TASK INSTRUCTIONS:
Give back an exact copy of the entries beneath, minus the pictures.

LISTED ENTRIES:
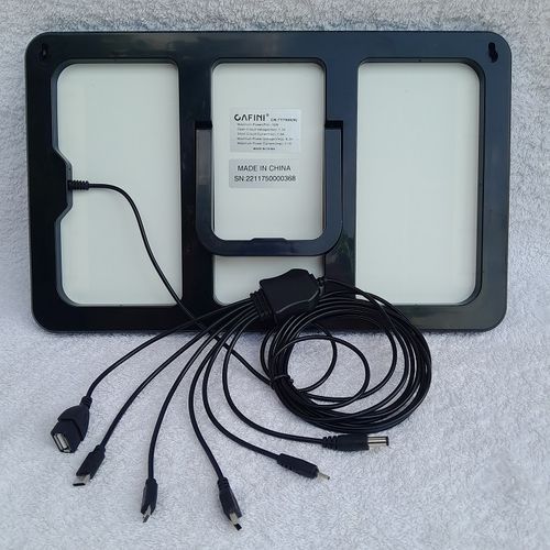 This solar Panel is equipped with Six (6) different USB charging adapter to cater to the needs of numerous charging ports. You charge just about anything rechargeable. It can Charge Phones, USB fans, digital camera, Power banks, Bluetooth Speakers e.t.c
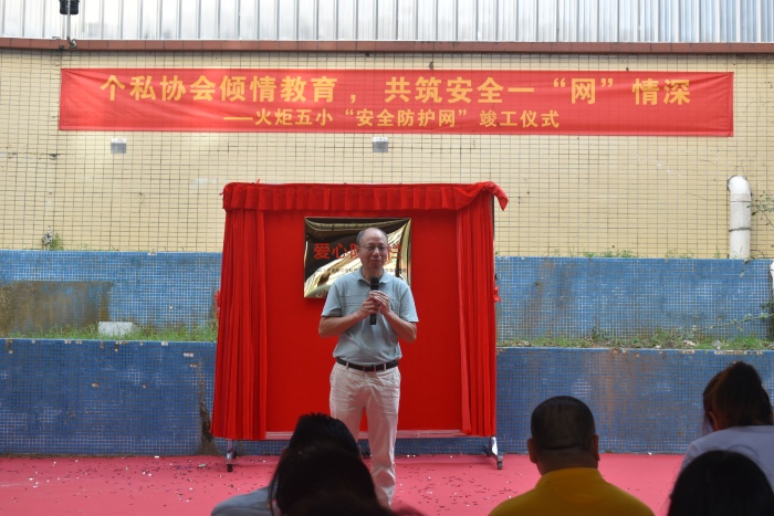 活動最后,區(qū)教育事務(wù)指導(dǎo)中心主任鐘海清進行了活動總結(jié)講話,他表示:安全防護網(wǎng)的安裝保障了五小師生的安全,相信五小教育教學(xué)工作在個私協(xié)會的大力支持下一定會越來越好。
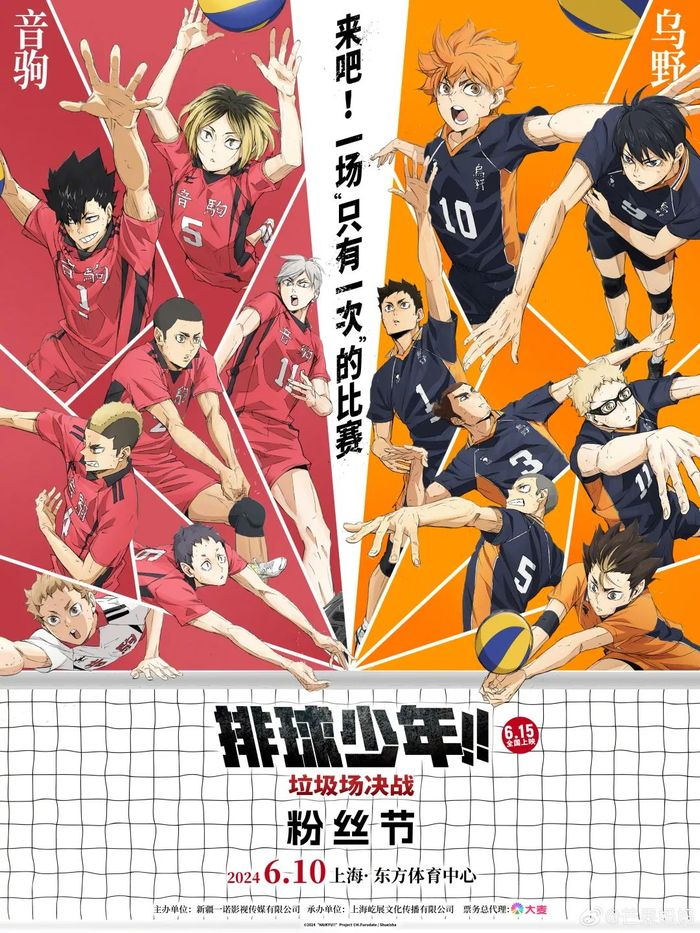 以2024年6月举办的电影《排球少年!!垃圾场决战》ONLY为例,这快闪就是电影官方推出的ONLY展会,作为动画播出十年、大电影正式上映的衍生,该活动在上海东方体育中心开展,一度引发粉丝的热情探讨,微博话题#上海要办万人排球少年ONLY# 热度攀升,预售票更是开售即罄,进一步证明了单一IP消费者的可观购买力。
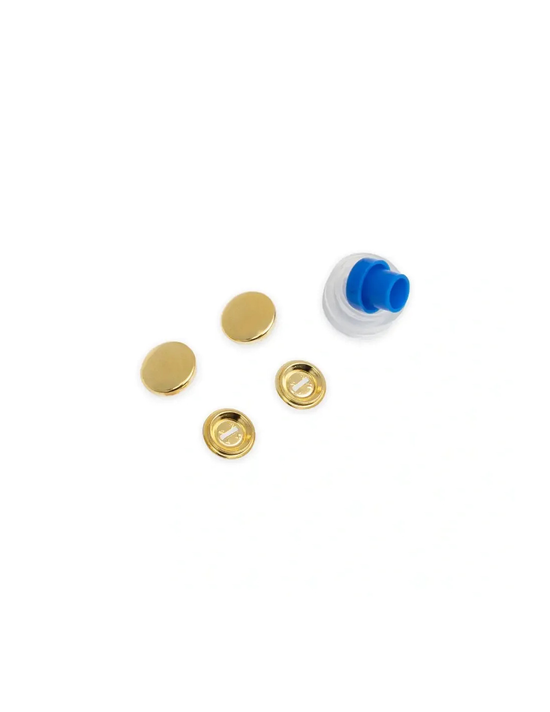 Prym offre les ébauches de boutons en métal inoxydable avec œillet métallique robuste en différentes tailles avec un outil approprié. Ainsi vous pouvez fabriquer plus facilement vos boutons personnalisés pour vos propres créations. Une roue dentée sur le côté intérieur du bouton maintient le tissu tendu uniformément. Le guide en annexe montre comment cela fonctionne. Un patron est également représenté sur l'emballage pour une découpe circulaire du tissu. Selon le tissu utilisé, les boutons finis sont lavables jusqu'à 60 degrés.
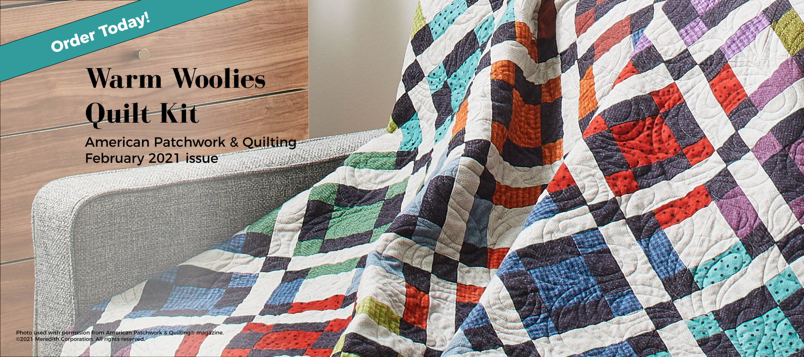 Hi again, and welcome back Inside the Studio. A couple weeks ago, I shared with you that my Warm Woolies quilt was featured in the February 2021 issue of American Patchwork & Quilting. To add to this excitement, I am happy to let you know that I now have a quilt kit available for this quilt. That's right, make your own replica of the Warm Woolies as shown in the magazine. Woohoo! Now this is something to get excited about. I know I am. Used with permission from American Patchwork &
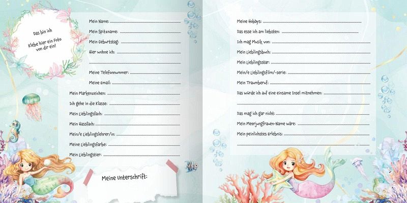 In diesem schönen Meerjungfrauen-Album können sich alle deine Schulfreundinnen und -freunde eintragen. Was machen sie in ihrer Freizeit am liebsten? Welches Schulfach mögen sie so gar nicht? Und wie würden sie als Meerjungfrau heißen? Für eine traumhaft-schöne Erinnerung an deine Klasse und eure Schulzeite.
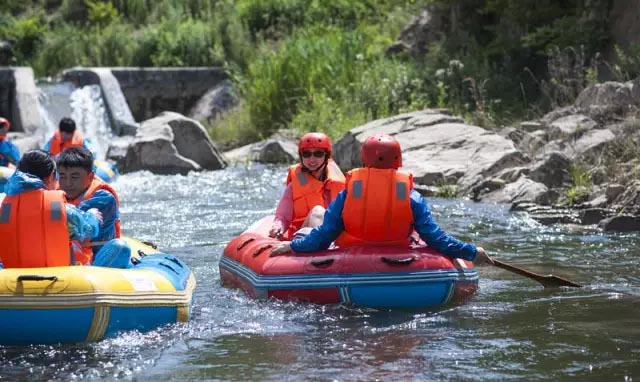峡谷漂流位于九仙山风景区内,自宣王沟起至毛家河为止,河道全长3000米,
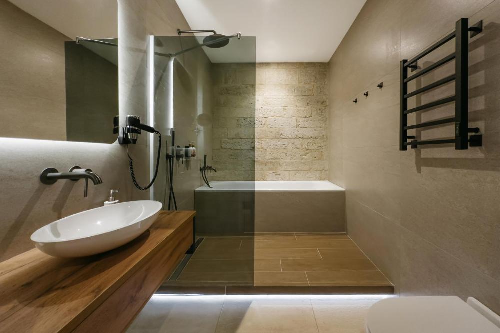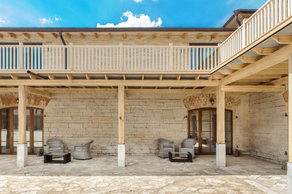 2 номера категории «Улучшенный стандарт» находятся на втором этаже в Крепости; Однокомнатный номер - 24-26 кв.м.; Двухспальная кровать 160*200см; Отдельно стоящая ванная, душ, амбарная дверь в санузел; Кондиционер, Smart-ТВ, Wi-Fi, чайник, стол, стул, шкаф; Вид во внутренний дворик; Лаунж-зона на балконе с шезлонгами; Номера одной категории могут отличаться ввиду исторических планировок. Размещение с домашними животными в номерах данной категории запрещено.

EXPECTED ANSWER:
 This solar Panel is equipped with Six (6) different USB charging adapter to cater to the needs of numerous charging ports. You charge just about anything rechargeable. It can Charge Phones, USB fans, digital camera, Power banks, Bluetooth Speakers e.t.c
 活動最后,區(qū)教育事務(wù)指導(dǎo)中心主任鐘海清進行了活動總結(jié)講話,他表示:安全防護網(wǎng)的安裝保障了五小師生的安全,相信五小教育教學(xué)工作在個私協(xié)會的大力支持下一定會越來越好。
 以2024年6月举办的电影《排球少年!!垃圾场决战》ONLY为例,这快闪就是电影官方推出的ONLY展会,作为动画播出十年、大电影正式上映的衍生,该活动在上海东方体育中心开展,一度引发粉丝的热情探讨,微博话题#上海要办万人排球少年ONLY# 热度攀升,预售票更是开售即罄,进一步证明了单一IP消费者的可观购买力。
 Prym offre les ébauches de boutons en métal inoxydable avec œillet métallique robuste en différentes tailles avec un outil approprié. Ainsi vous pouvez fabriquer plus facilement vos boutons personnalisés pour vos propres créations. Une roue dentée sur le côté intérieur du bouton maintient le tissu tendu uniformément. Le guide en annexe montre comment cela fonctionne. Un patron est également représenté sur l'emballage pour une découpe circulaire du tissu. Selon le tissu utilisé, les boutons finis sont lavables jusqu'à 60 degrés.
 Hi again, and welcome back Inside the Studio. A couple weeks ago, I shared with you that my Warm Woolies quilt was featured in the February 2021 issue of American Patchwork & Quilting. To add to this excitement, I am happy to let you know that I now have a quilt kit available for this quilt. That's right, make your own replica of the Warm Woolies as shown in the magazine. Woohoo! Now this is something to get excited about. I know I am. Used with permission from American Patchwork &
 In diesem schönen Meerjungfrauen-Album können sich alle deine Schulfreundinnen und -freunde eintragen. Was machen sie in ihrer Freizeit am liebsten? Welches Schulfach mögen sie so gar nicht? Und wie würden sie als Meerjungfrau heißen? Für eine traumhaft-schöne Erinnerung an deine Klasse und eure Schulzeite.
峡谷漂流位于九仙山风景区内,自宣王沟起至毛家河为止,河道全长3000米,
 2 номера категории «Улучшенный стандарт» находятся на втором этаже в Крепости; Однокомнатный номер - 24-26 кв.м.; Двухспальная кровать 160*200см; Отдельно стоящая ванная, душ, амбарная дверь в санузел; Кондиционер, Smart-ТВ, Wi-Fi, чайник, стол, стул, шкаф; Вид во внутренний дворик; Лаунж-зона на балконе с шезлонгами; Номера одной категории могут отличаться ввиду исторических планировок. Размещение с домашними животными в номерах данной категории запрещено.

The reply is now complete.